#### Provided information ####

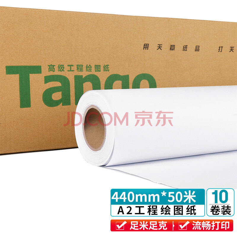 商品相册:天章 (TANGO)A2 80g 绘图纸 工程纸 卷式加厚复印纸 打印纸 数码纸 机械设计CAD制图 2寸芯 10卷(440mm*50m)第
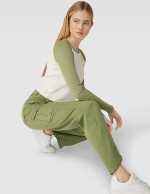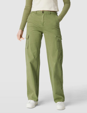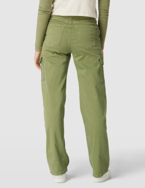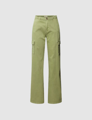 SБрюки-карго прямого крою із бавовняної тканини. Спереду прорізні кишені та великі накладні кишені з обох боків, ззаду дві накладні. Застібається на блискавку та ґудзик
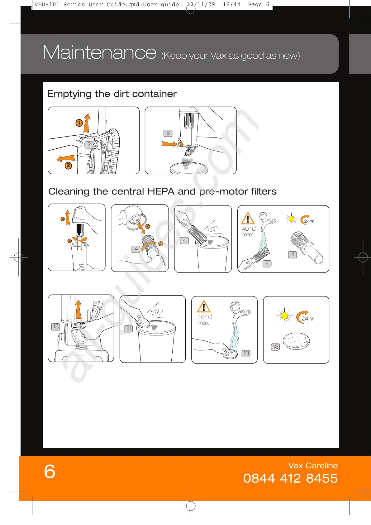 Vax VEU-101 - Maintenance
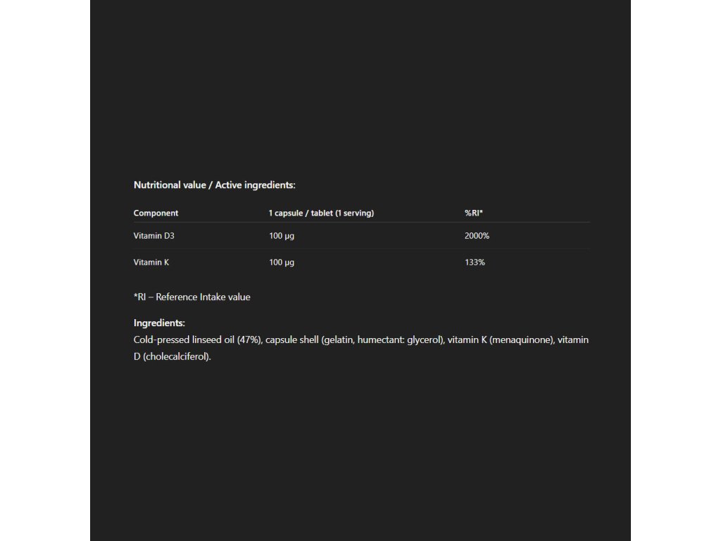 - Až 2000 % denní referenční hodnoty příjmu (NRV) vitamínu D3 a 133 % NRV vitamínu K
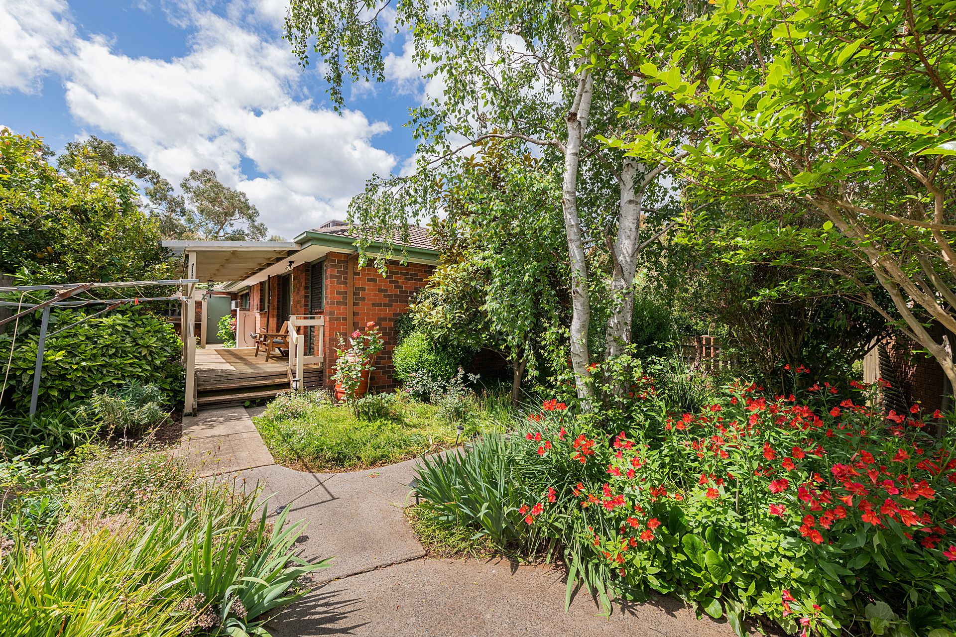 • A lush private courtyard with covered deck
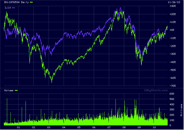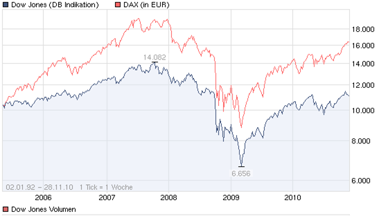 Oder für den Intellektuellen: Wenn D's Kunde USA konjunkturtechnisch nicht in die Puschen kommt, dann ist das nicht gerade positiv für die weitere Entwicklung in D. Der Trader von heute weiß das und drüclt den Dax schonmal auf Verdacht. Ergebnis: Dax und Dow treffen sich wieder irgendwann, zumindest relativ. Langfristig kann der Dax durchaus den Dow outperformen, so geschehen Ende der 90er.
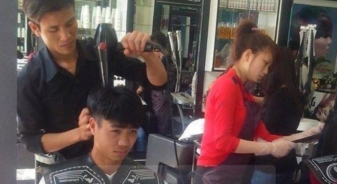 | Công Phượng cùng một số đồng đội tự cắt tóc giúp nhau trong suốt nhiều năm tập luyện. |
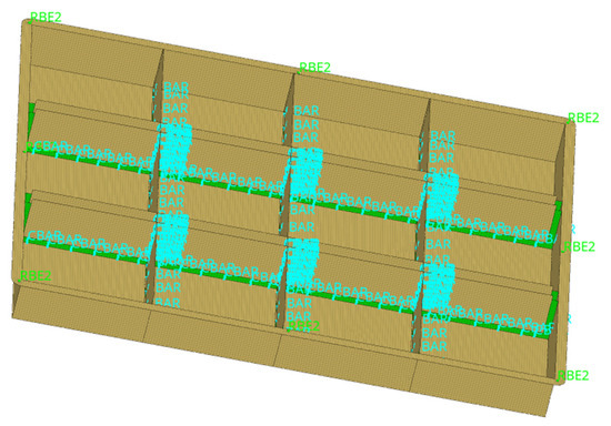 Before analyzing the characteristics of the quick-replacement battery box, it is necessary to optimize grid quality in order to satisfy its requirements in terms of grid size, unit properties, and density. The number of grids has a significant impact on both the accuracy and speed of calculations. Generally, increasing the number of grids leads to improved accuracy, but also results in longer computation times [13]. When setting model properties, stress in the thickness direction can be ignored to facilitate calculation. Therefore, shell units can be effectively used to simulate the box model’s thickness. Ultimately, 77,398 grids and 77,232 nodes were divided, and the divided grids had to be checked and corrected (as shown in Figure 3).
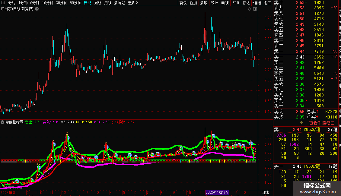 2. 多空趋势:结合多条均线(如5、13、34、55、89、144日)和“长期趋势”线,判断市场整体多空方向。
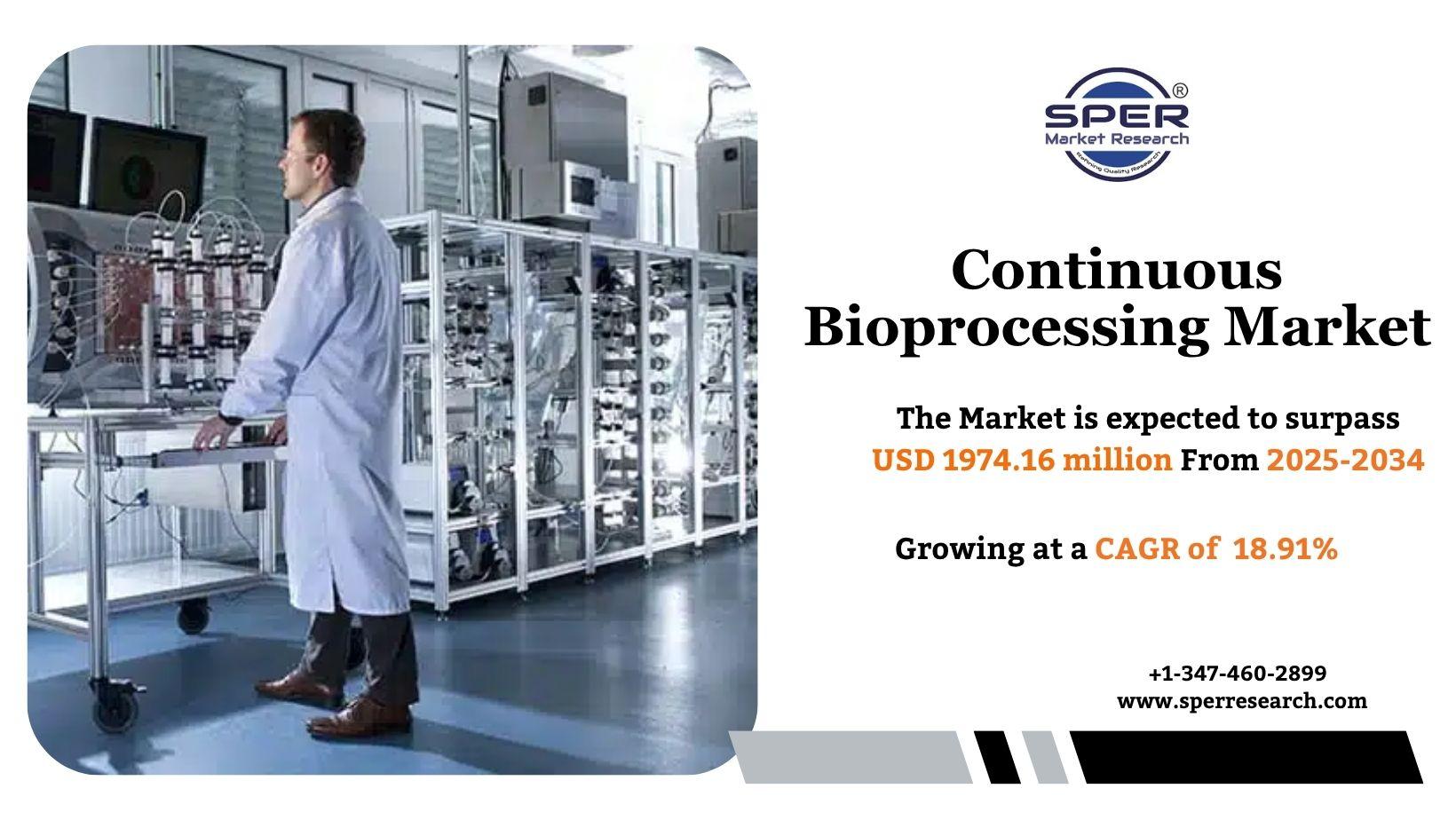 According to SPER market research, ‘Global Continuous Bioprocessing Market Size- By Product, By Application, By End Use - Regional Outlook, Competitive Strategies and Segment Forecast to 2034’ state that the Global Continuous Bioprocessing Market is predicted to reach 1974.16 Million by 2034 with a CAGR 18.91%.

####
#### Provided information ####

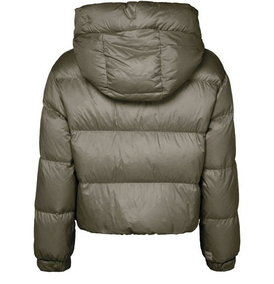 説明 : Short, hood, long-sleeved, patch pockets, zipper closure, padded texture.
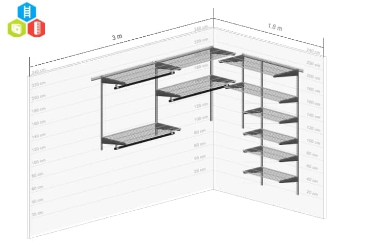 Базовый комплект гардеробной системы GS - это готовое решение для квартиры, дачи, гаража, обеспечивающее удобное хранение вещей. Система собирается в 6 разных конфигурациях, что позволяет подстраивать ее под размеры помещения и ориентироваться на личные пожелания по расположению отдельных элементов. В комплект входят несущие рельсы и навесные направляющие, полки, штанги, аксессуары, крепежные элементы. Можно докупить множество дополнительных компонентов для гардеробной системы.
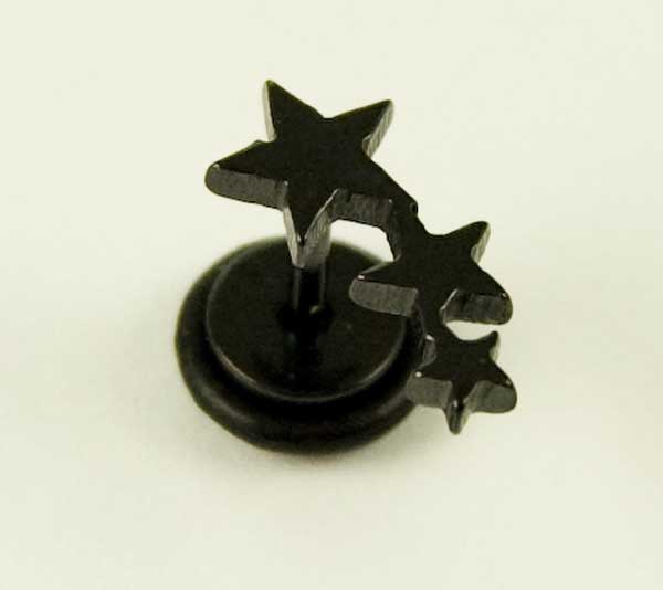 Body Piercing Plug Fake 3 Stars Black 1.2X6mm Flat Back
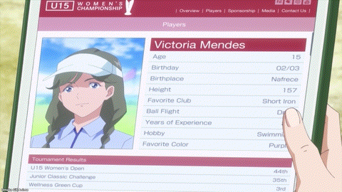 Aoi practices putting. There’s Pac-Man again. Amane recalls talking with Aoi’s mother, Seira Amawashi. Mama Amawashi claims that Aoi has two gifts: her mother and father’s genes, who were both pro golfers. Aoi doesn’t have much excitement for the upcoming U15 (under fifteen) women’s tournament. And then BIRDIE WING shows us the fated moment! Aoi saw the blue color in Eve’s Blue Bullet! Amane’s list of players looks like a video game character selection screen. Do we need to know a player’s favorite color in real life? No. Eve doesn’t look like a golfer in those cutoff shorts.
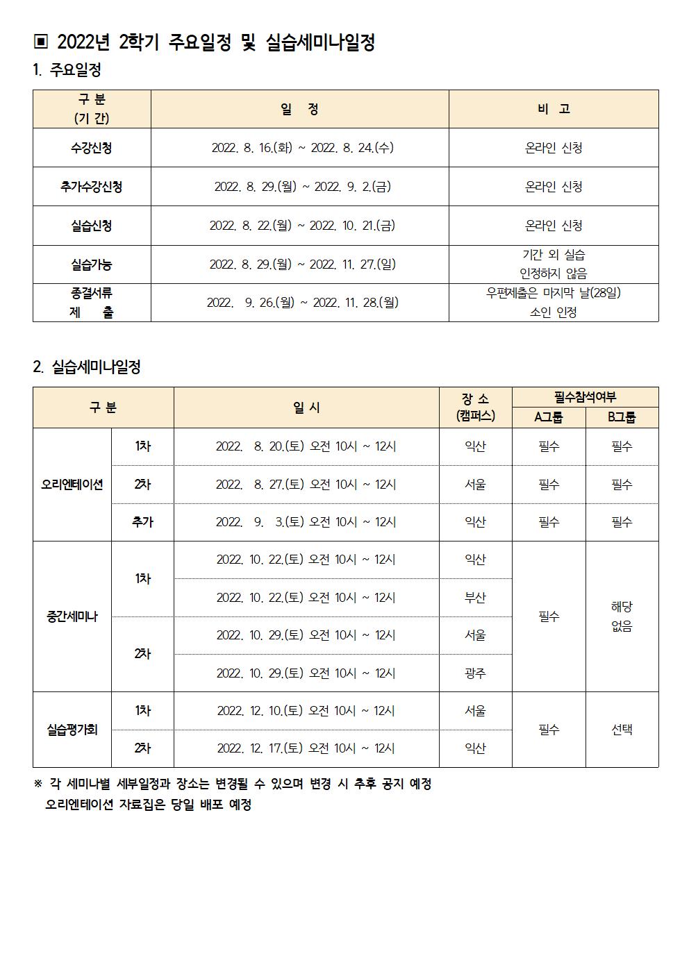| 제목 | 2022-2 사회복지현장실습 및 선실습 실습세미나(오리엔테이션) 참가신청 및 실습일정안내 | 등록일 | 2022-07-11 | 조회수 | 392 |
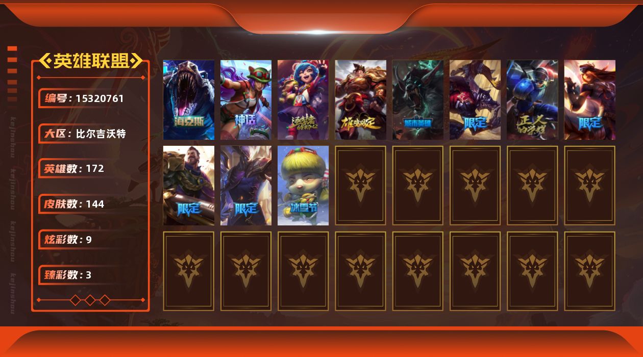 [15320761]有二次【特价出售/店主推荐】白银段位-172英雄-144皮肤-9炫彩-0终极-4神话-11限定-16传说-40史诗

####
#### Provided information ####

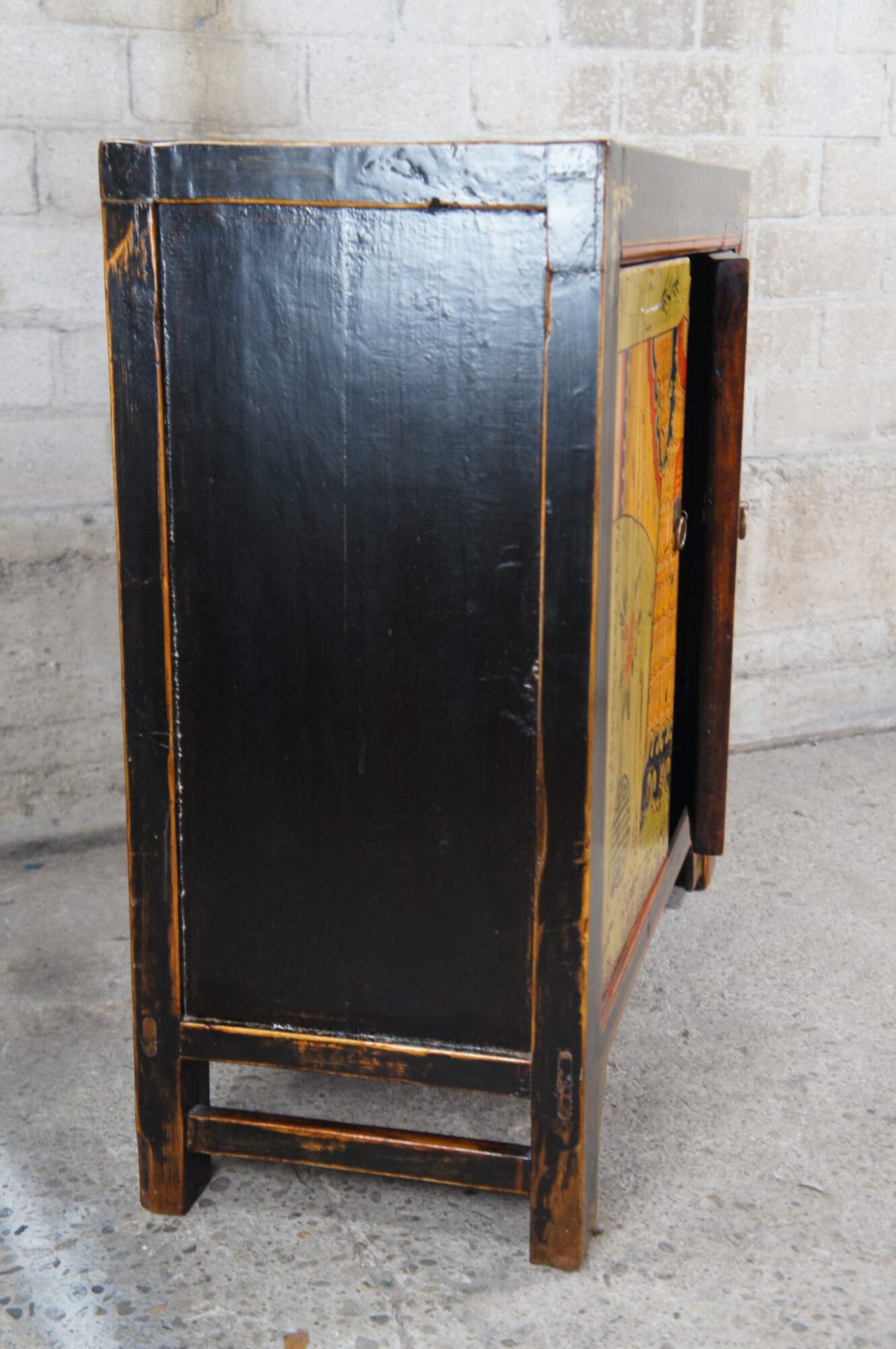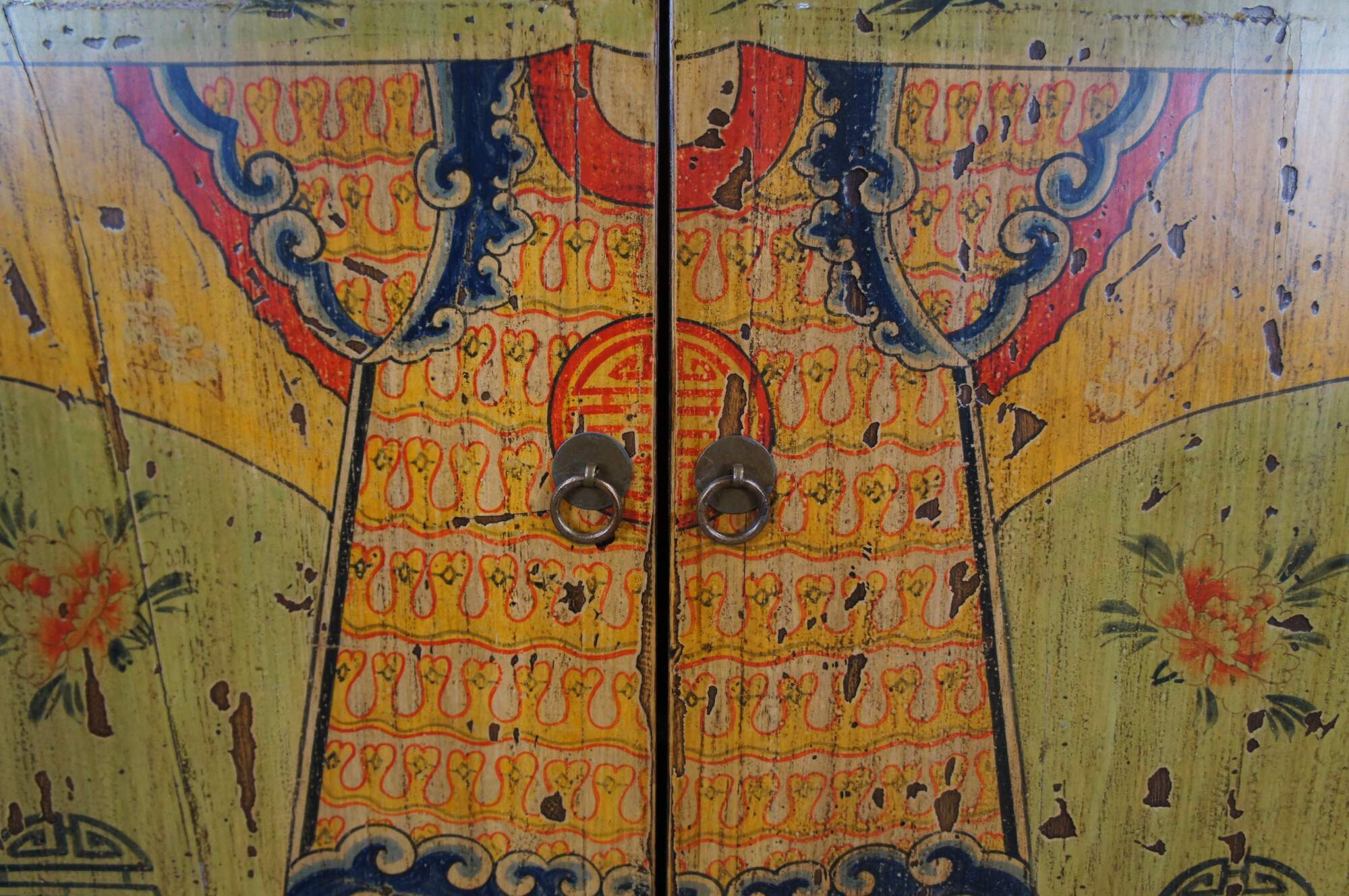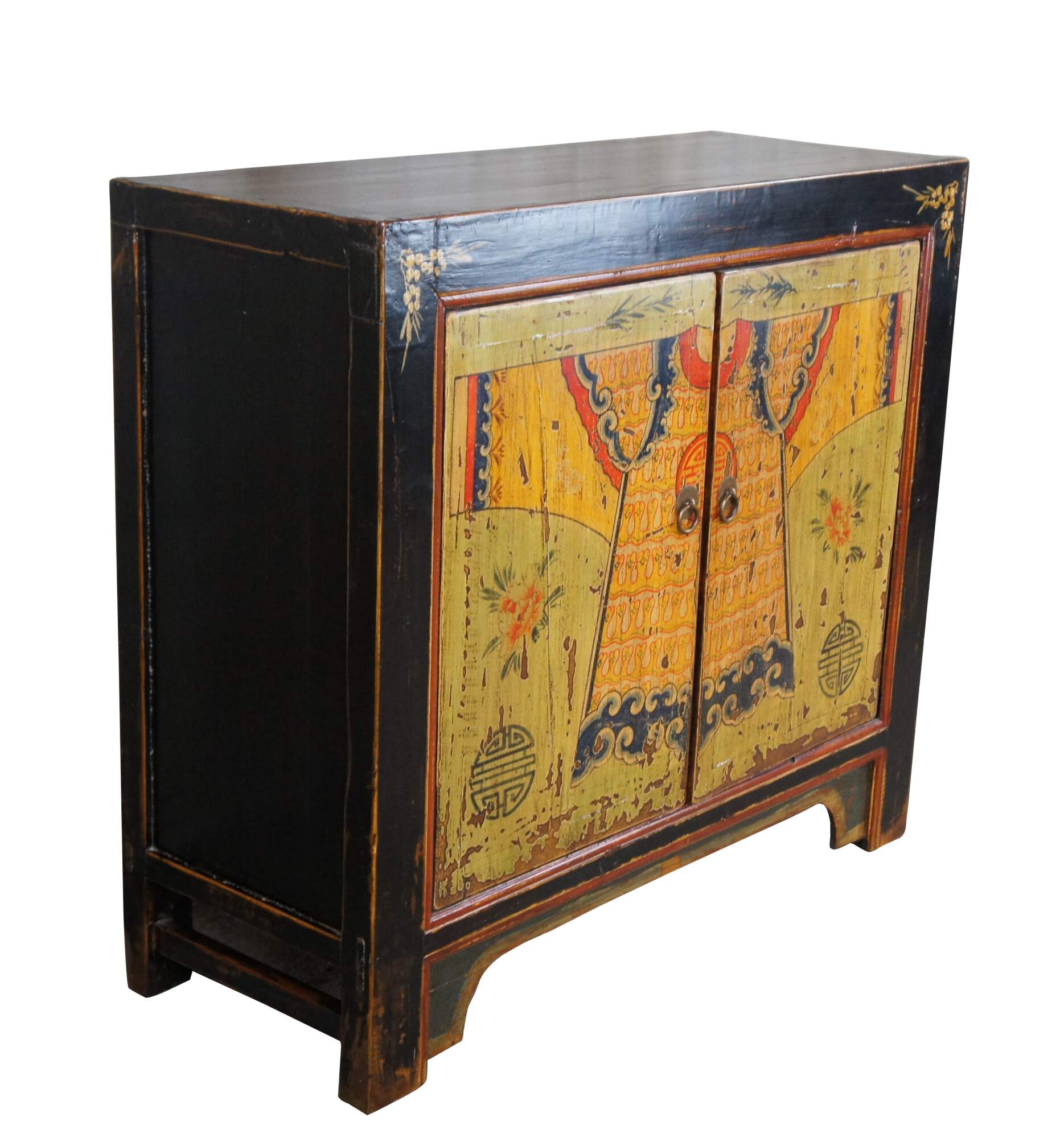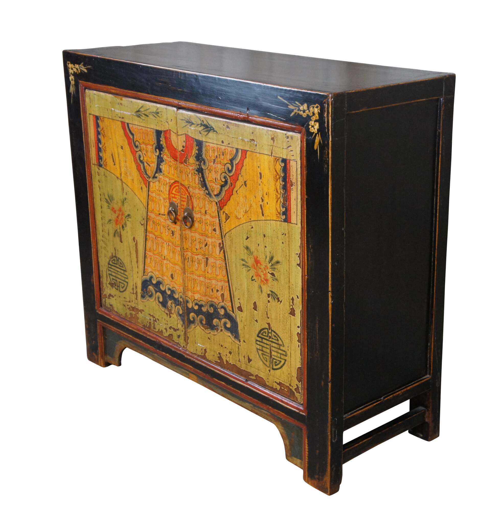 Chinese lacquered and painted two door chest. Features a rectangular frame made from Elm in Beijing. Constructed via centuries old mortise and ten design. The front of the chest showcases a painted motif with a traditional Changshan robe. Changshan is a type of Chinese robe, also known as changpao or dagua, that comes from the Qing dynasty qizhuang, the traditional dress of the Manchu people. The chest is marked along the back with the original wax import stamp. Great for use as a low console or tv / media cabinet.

####

• _Exercise brief_:
Above are some records. Output exactly the lines from the one that contains "Базовый комплект гардеробной" to the one that contains "Body Piercing Plug", keeping both, and omit the pictures.

• _Result for this task_:
 Базовый комплект гардеробной системы GS - это готовое решение для квартиры, дачи, гаража, обеспечивающее удобное хранение вещей. Система собирается в 6 разных конфигурациях, что позволяет подстраивать ее под размеры помещения и ориентироваться на личные пожелания по расположению отдельных элементов. В комплект входят несущие рельсы и навесные направляющие, полки, штанги, аксессуары, крепежные элементы. Можно докупить множество дополнительных компонентов для гардеробной системы.
 Body Piercing Plug Fake 3 Stars Black 1.2X6mm Flat Back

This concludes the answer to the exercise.